→ **What is being asked**: Reproduce the entries below exactly, but only from the line containing "这是春运期间孙玮纵的上班日常" to the line containing "Mas Ram Sports, Plaça", inclusive.

→ **Material supplied**:
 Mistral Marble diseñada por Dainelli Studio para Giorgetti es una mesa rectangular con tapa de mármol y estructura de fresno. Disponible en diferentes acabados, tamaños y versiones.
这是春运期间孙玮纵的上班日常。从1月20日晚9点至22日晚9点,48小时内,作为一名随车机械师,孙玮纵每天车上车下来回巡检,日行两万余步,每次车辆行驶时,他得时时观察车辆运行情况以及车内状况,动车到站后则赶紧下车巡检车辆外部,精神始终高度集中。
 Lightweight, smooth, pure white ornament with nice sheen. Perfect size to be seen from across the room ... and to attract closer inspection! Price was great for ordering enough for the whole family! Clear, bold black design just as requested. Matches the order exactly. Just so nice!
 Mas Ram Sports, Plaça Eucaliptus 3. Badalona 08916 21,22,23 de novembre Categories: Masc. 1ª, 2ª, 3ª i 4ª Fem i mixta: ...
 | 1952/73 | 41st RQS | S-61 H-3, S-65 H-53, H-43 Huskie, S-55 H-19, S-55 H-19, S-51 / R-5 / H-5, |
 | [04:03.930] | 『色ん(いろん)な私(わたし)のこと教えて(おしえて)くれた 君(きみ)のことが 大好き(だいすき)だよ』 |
* * *
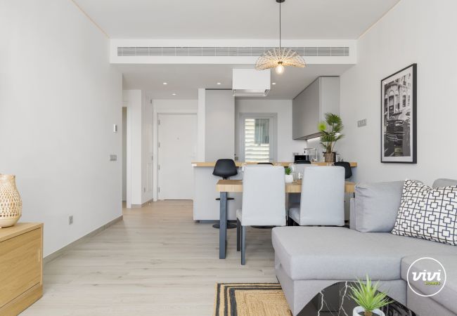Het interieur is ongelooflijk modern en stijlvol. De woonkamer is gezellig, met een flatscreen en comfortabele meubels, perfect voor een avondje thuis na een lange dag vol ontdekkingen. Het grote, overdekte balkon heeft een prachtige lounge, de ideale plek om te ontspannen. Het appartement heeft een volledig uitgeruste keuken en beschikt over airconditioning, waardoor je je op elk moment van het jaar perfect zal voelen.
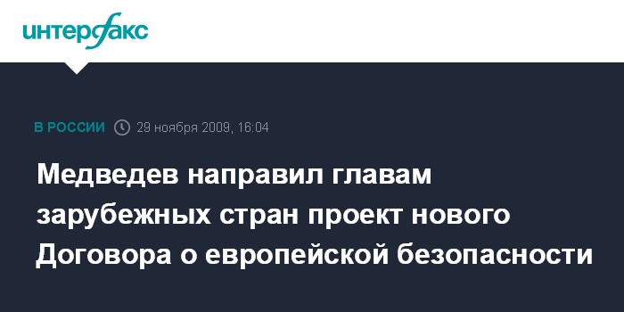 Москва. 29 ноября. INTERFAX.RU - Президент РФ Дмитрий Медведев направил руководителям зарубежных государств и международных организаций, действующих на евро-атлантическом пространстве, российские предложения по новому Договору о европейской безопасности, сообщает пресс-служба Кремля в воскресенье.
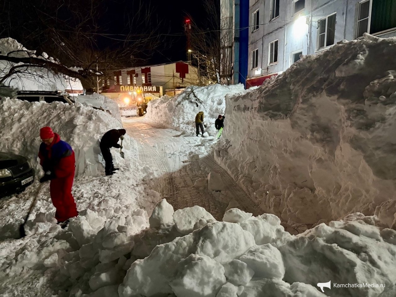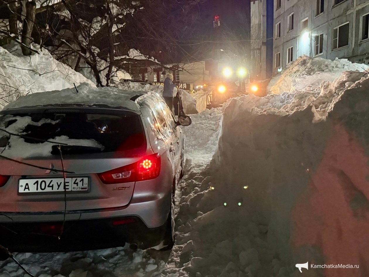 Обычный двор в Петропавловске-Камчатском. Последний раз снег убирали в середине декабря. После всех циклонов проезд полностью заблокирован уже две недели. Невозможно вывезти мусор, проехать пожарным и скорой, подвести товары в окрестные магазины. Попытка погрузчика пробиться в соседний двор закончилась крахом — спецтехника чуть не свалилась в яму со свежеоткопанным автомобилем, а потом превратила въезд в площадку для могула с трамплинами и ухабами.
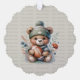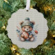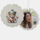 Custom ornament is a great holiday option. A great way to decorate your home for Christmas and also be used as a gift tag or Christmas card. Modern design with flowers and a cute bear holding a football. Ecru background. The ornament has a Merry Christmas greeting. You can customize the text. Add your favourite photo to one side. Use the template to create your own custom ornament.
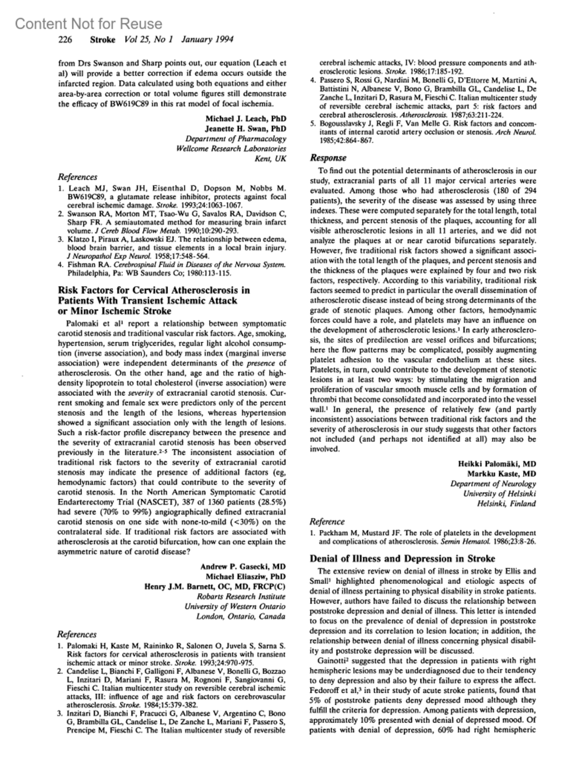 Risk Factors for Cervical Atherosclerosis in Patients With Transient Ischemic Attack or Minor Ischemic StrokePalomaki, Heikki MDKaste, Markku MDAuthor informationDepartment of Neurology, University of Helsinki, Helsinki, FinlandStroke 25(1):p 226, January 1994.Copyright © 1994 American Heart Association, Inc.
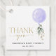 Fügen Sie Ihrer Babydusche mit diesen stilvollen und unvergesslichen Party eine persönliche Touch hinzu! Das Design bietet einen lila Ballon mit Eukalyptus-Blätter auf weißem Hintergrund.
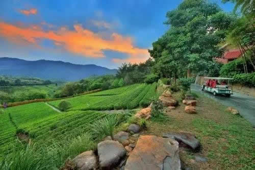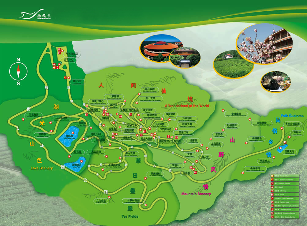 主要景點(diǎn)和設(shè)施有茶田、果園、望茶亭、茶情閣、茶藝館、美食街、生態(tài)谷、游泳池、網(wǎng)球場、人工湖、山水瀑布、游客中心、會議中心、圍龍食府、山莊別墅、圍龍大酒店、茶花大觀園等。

→ **Output of the exercise**:
这是春运期间孙玮纵的上班日常。从1月20日晚9点至22日晚9点,48小时内,作为一名随车机械师,孙玮纵每天车上车下来回巡检,日行两万余步,每次车辆行驶时,他得时时观察车辆运行情况以及车内状况,动车到站后则赶紧下车巡检车辆外部,精神始终高度集中。
 Lightweight, smooth, pure white ornament with nice sheen. Perfect size to be seen from across the room ... and to attract closer inspection! Price was great for ordering enough for the whole family! Clear, bold black design just as requested. Matches the order exactly. Just so nice!
 Mas Ram Sports, Plaça Eucaliptus 3. Badalona 08916 21,22,23 de novembre Categories: Masc. 1ª, 2ª, 3ª i 4ª Fem i mixta: ...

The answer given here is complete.